*** AVAILABLE DATA Section Begins ***

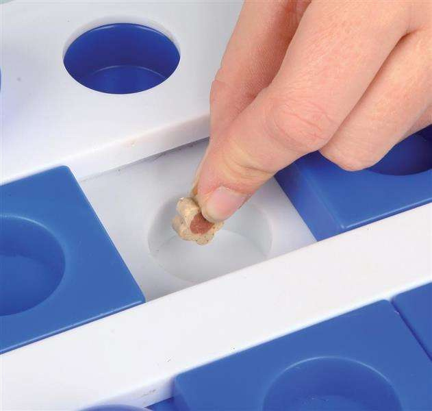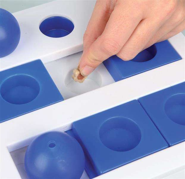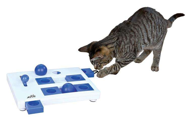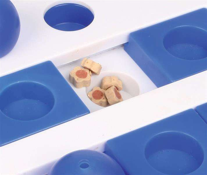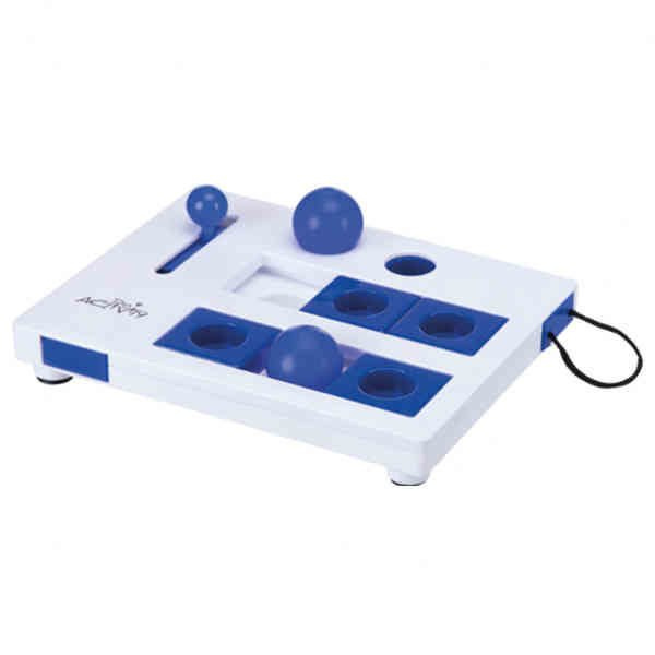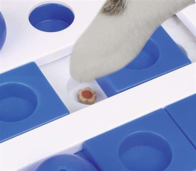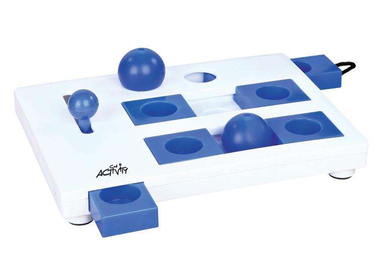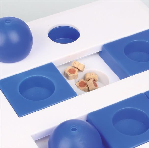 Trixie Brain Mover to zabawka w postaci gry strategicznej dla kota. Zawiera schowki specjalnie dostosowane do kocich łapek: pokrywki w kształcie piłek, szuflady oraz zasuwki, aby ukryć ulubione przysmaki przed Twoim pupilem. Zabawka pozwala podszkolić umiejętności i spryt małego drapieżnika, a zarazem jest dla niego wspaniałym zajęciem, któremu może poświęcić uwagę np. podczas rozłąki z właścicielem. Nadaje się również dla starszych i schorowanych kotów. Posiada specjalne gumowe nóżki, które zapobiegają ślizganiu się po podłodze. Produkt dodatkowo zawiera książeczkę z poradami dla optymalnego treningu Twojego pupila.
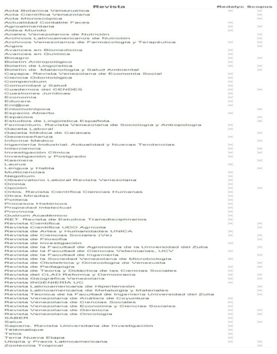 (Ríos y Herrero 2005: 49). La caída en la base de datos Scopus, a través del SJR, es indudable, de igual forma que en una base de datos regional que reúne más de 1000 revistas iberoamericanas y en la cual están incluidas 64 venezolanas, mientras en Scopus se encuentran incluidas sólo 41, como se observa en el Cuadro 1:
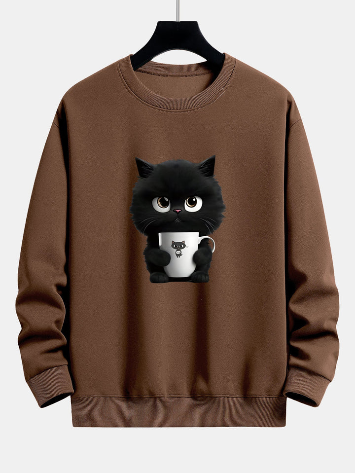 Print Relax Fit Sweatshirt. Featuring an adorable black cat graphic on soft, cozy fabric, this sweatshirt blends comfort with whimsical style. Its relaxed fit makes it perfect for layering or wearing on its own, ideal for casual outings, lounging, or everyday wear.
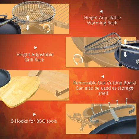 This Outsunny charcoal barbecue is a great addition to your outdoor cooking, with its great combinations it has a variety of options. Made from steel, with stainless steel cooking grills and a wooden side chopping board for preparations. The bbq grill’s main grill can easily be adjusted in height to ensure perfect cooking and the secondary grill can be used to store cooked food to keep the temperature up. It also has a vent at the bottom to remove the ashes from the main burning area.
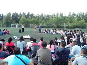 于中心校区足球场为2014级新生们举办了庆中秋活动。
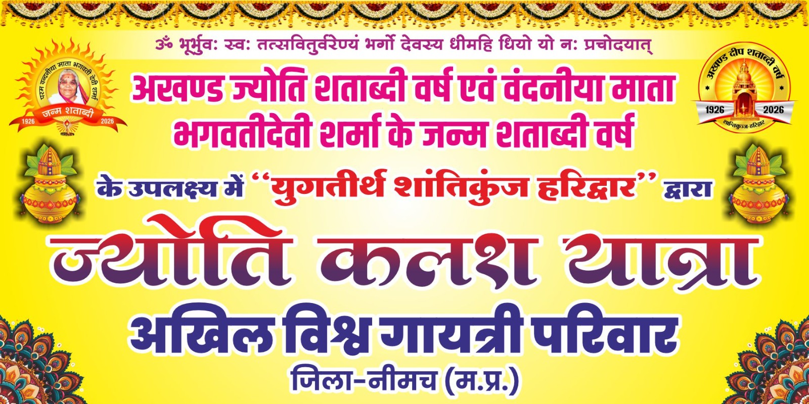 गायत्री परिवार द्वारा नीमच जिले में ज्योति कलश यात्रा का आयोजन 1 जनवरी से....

*** AVAILABLE DATA Section Ends ***

## DESCRIPTION OF THE TASK
Repeat, word for word, the lines of the material above from the one holding "This Outsunny charcoal" through the one holding "于中心校区足球场为2014级新生们举办了庆中秋活动。". Leave out pictures.

## REPLY
 This Outsunny charcoal barbecue is a great addition to your outdoor cooking, with its great combinations it has a variety of options. Made from steel, with stainless steel cooking grills and a wooden side chopping board for preparations. The bbq grill’s main grill can easily be adjusted in height to ensure perfect cooking and the secondary grill can be used to store cooked food to keep the temperature up. It also has a vent at the bottom to remove the ashes from the main burning area.
 于中心校区足球场为2014级新生们举办了庆中秋活动。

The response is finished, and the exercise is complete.